4. Page 12, Figure 1: Again, the confusion remains between Phase 2/3 and Phase 3.

5. Page 8, line 5 from bottom. I am not sure that statistical significance tests are required (see below). However, it is better to interpret the actual p-value rather than state “We defined p < 0.05 as statistically significant”. I suggest omit this phrase.

6. Page 14, Table 3: It would be useful to quote the statistical package used for the calculation of the exact CIs.

7. Page 14, Table 3: Too much precision clouds the message. I suggest replacing, for example, 99.11 (95.13 – 99.98) by 99.1 (95.1 – 100) although quoting these CIs is unnecessary. However, what would be useful is to quote their difference 99.11 − 95.36 = 3.75 with its 95%CI 1.02 to 6.47 and the corresponding p-value = 0.0070. I suggest a better format for Table 3 might be:

Type of Trial Yes (%) No (%) Difference 95%CI p-value

Industry Sponsor 99.1 95.4 3.8 1.0 to 6.5 0.068

USA 96.1 96.2 −0.2 −3.7 to +3.3 0.92

Therapeutic 96.2 95.5 0.8 −4.6 to +6.1 0.76

Multicentre 95.0 98.0 −3.0 −6.1 to +0.2 0.092

Technical note

When comparing differences between proportions which involve any values close to 100% (and or 0%) cause technical problems. Thus, there are several approaches to these calculations and these may give differing p-values. The Exact method is one the authors refer to in their Table 3 which seems entirely appropriate. However, my calculations above have used the statistical package Stata to obtain the p-values which differ somewhat from those of the author. As I indicate above, I am not sure it is necessary to calculate the p-values. Interpretation should focus on the magnitude of the differences and their CIs.

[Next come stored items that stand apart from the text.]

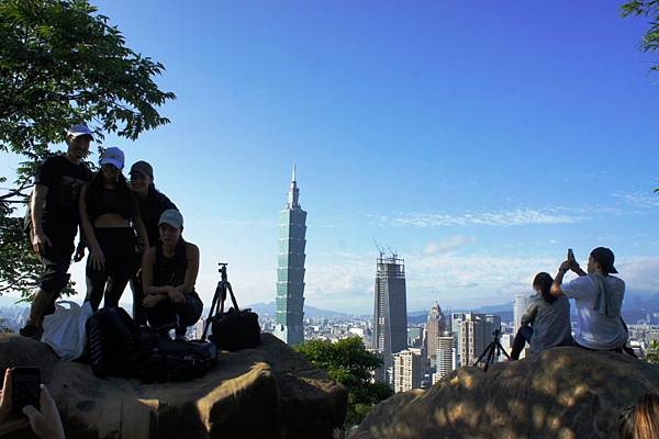攀爬登上巨石,熱鬧繁華的信義區和台北101大樓盡收眼底
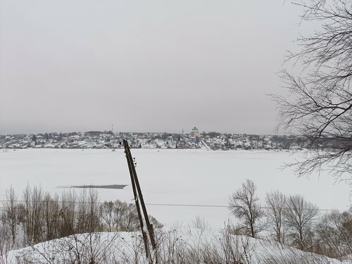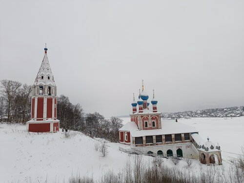 Красивая церковь у берега Волги,с высокого холма открывается красивый вид на другой берег города.
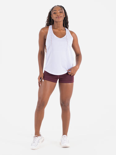 Blusa: deportiva sin mangas, con cuello sesgado y terminación curva en el inferior que aporta un toque moderno y favorecedor.
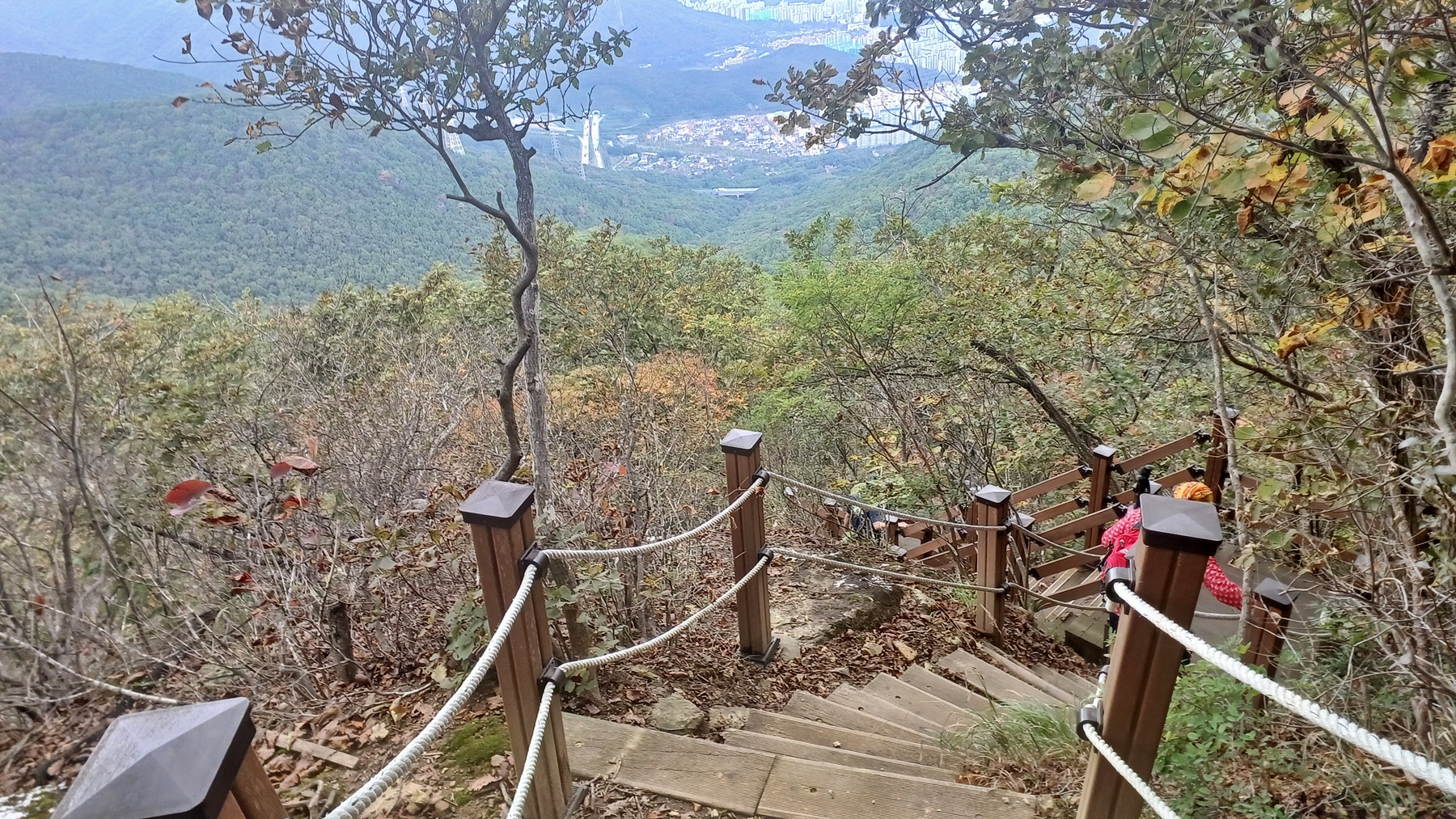 급경사 내리막 데크 계단을 한동안 내려가야 한다.

Reviewer #2: Interesting, well researched and timely manuscript. Clearly written. Conducive to a follow up paper in 12-18 months (6 months is a relatively short period of time), to see whether a longer snapshot e.g 12 or 24 month timeframe changes the results/conclusions.

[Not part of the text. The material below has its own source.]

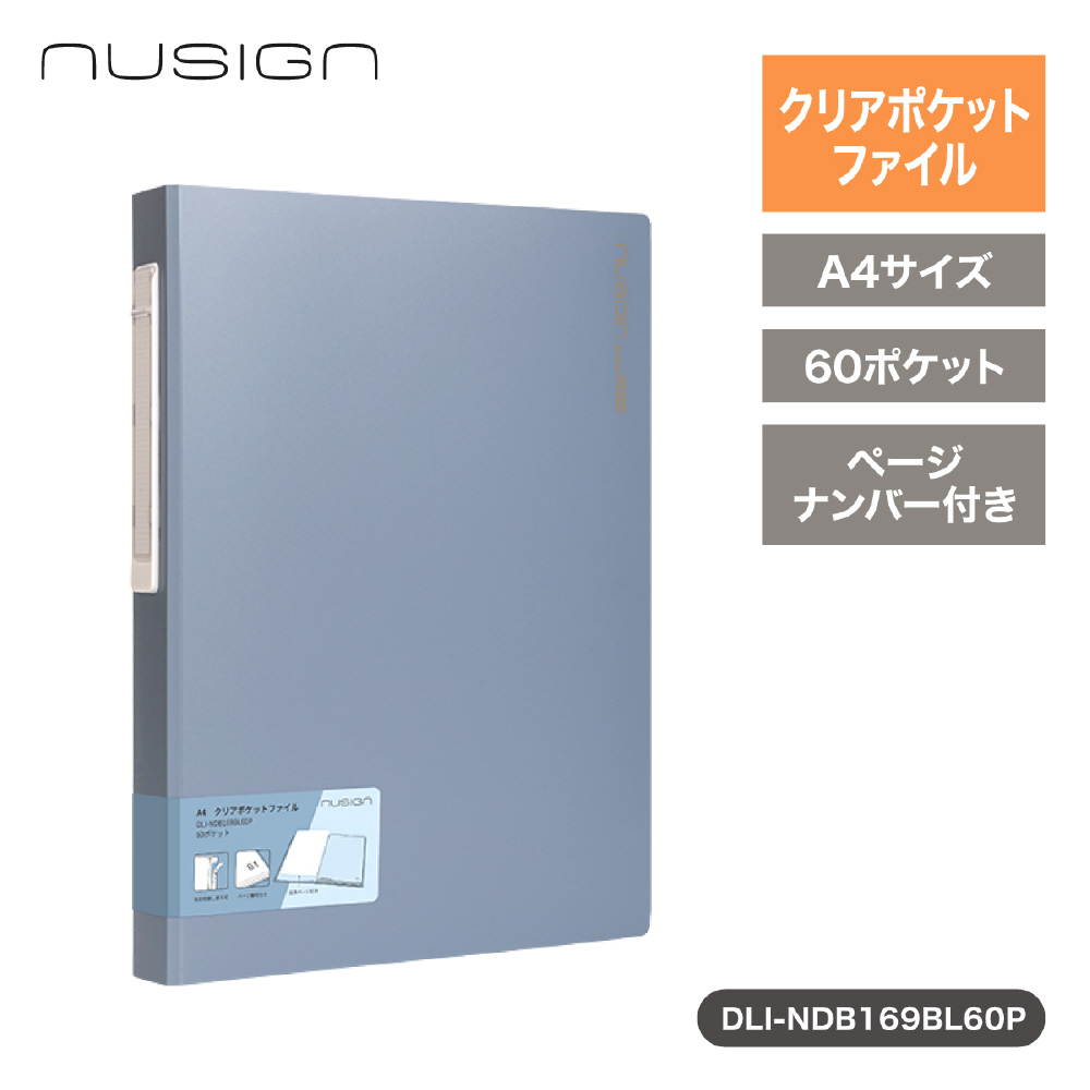 A4クリアポケットファイル(60P) nusign(ニューサイン) ブルー DLI-NDB169BL60P
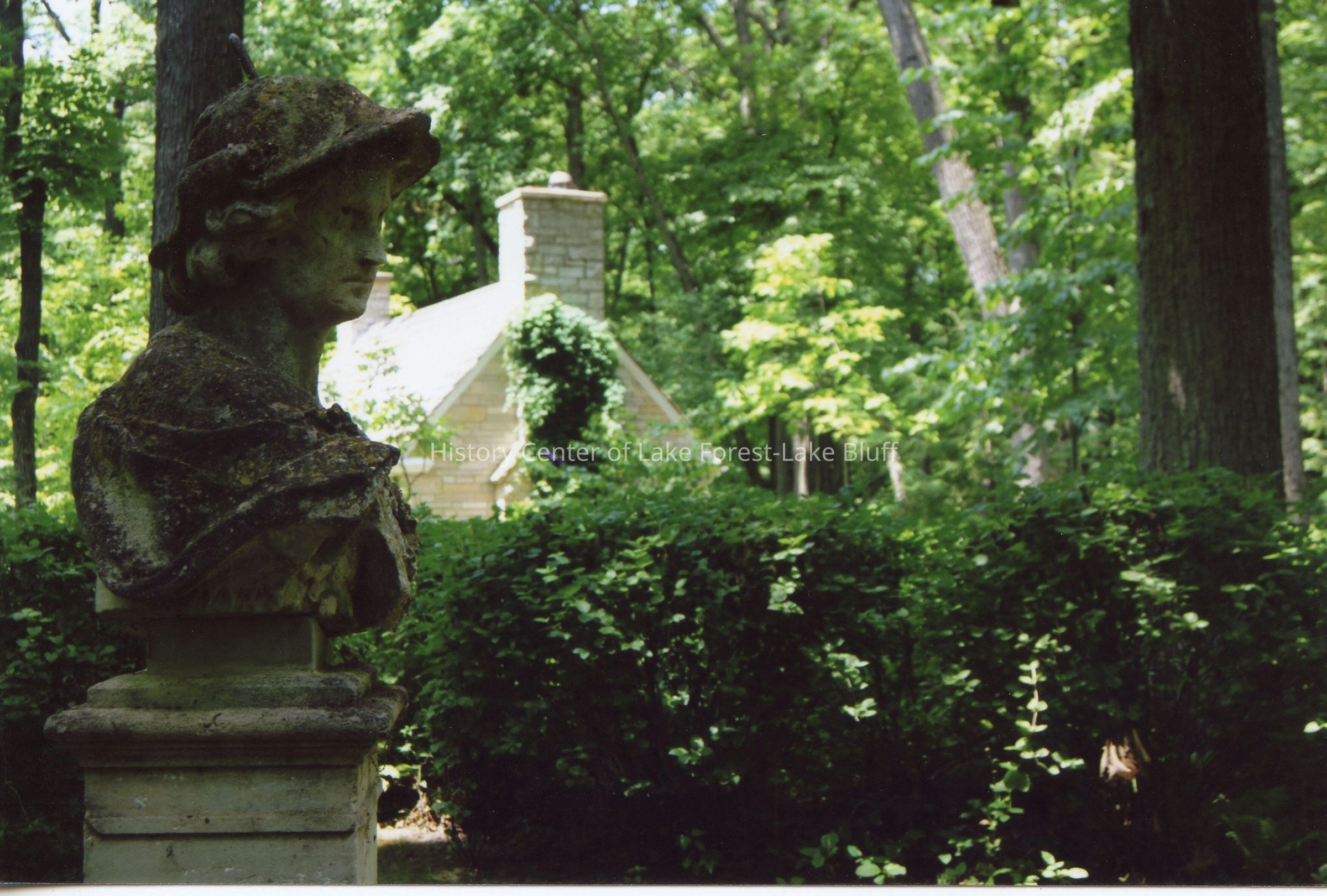 Crab Tree Farm. Designed by David Adler. June 24, 2012. Bust sculpture east of Little House. Color photograph.

Reviewer #3: This article described an analysis on early trials of COVID-19 and their informativeness. I would like to congratulate the authors an important piece of work describing potential shortcomings in trial design, recruitment, and potential redundancy. The protocol for this work has been prospectively registered, and there is a clear list of protocol deviations. The manuscript is well-written and easy to follow. I have a few comments for the authors to consider.

Abstract:

The abstract could be refined to be more informative as a standalone. It would be helpful to include some more specific information on how the three criteria on informativeness were defined, and how the cohort was created (eligibility criteria? Random selection of trials or own trials?).

Methods: Did the authors adhere to a reporting checklist (e.g. STROBE or PRISMA)? It would be good to include this checklist as a supplement.

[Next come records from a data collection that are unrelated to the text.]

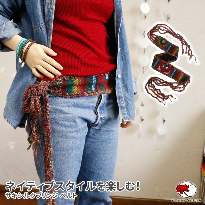 | 【メール便可】 オリジナル!ネイティブスタイルサキシルクフリンジベルト |
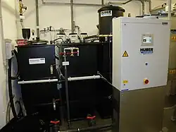 Greywater treatment plant with membrane bioreactor in the basement of an office building in Frankfurt
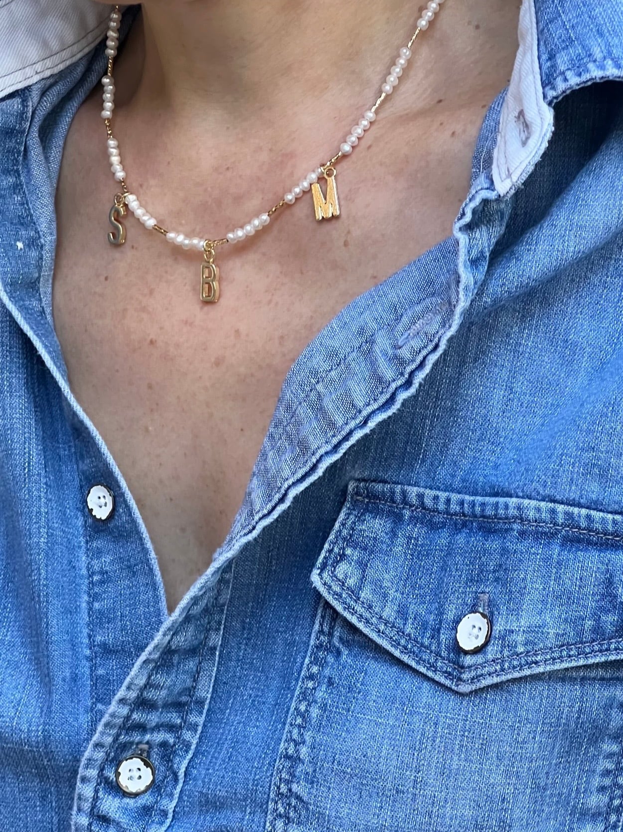 アルファベットチャームは14Kゴールドでコーティングされているため、上品にきらりと輝きます。ネックレス部分には淡水パールと14Kゴールドコーティングのメタルパーツを使用。
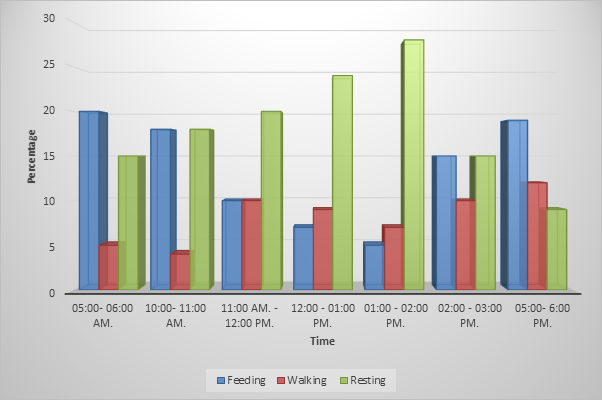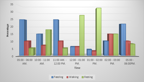 The walking activity dominated at 10:00- 11:00 am and 05:00 - 06:00 pm during March (Figure 2) and peaked at 02:00- 03:00 pm and followed by 11:00 - 12:00 pm and 05:00- 06:00 pm in April and this may be attributed to the searching for food in the morning and leaving to their roosting sites in the evening.
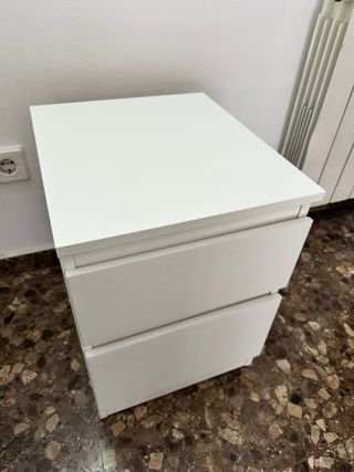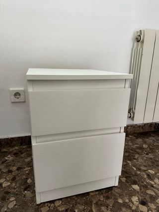 Cómoda de dos cajones en color blanco. Sus medidas son 35 cm de ancho por 49 cm de alto. - Diseño moderno y funcional. - Ideal para espacios pequeños. - Se uso un par de meses, como nuevo, no tiene ninguna imperfección.
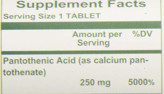 Peter's Choice B5 Pantothenic Acid 250mg Tablets - 500 Count Energy Support SupplementVendor:Peter's ChoiceRegular price $161.16 AUDRegular priceUnit price / per-
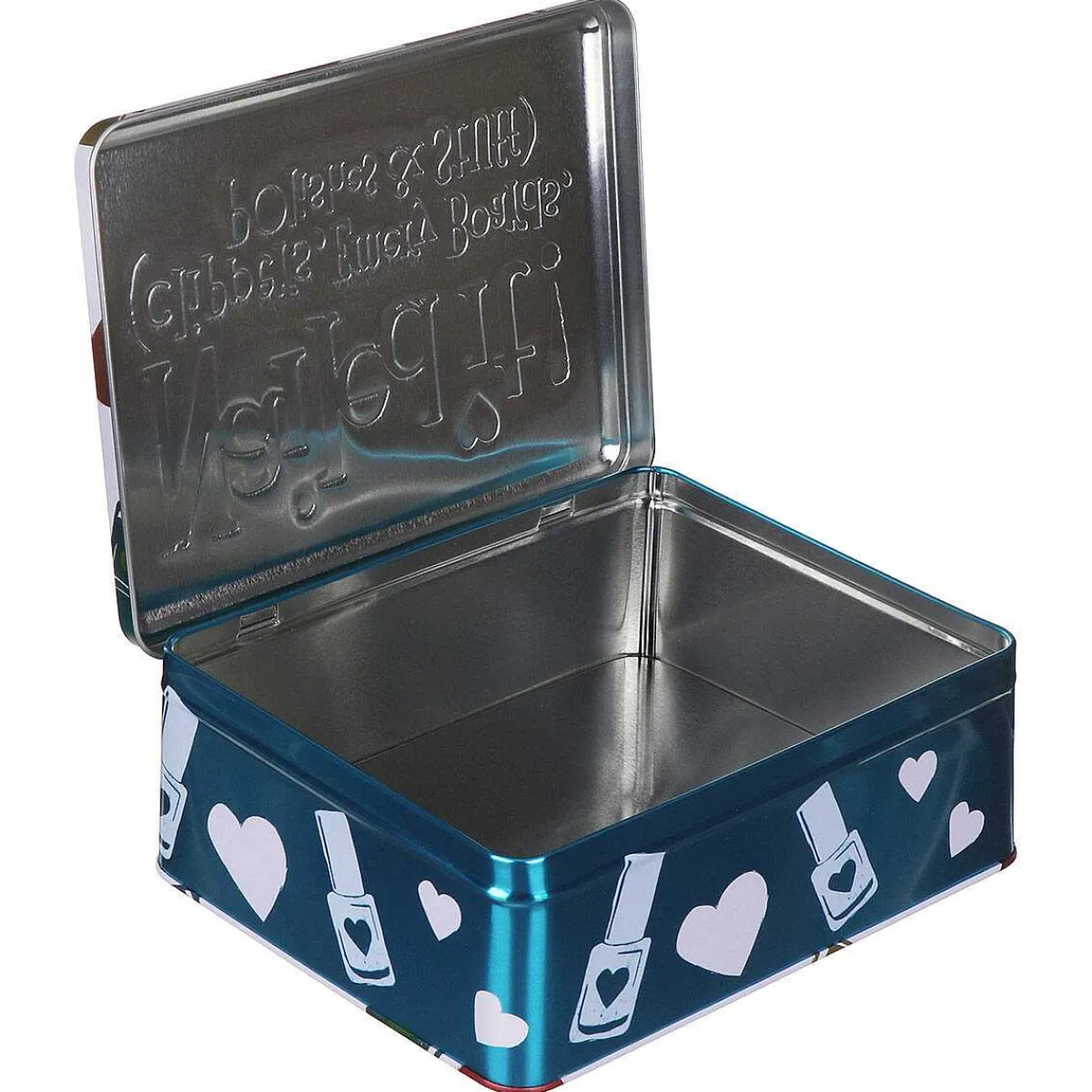 The Rectangular Tin Is Metallic Teal Around The Sides With A White Lid, Decorated With A Silhouette Of A Nail Polish Bottles And Hearts. Embossed In Vibrant Multi-Coloured Text On The Lid Are The Words:

Eligibility criteria: The inclusion and exclusion criteria should be listed in the manuscript, and not only provided in a supplement. The reasoning behind the choice of eligibility criteria is unclear, and should be elaborated. I wonder if some of the choices impede generalizability of results. For instance, study phase is a criterion that is usually only filled in for drug trials on trial registries, other trials often chose the option ‘not applicable’. I wonder if by restricting this analysis to certain phase trials, information on other trials was lost? In addition, restricting to Phase 1/2-3 & only trials testing for efficacy may exclude non-drug interventions such as public health messaging trials. Why were behavioral interventions, dietary supplement and Chinese medicine trials excluded?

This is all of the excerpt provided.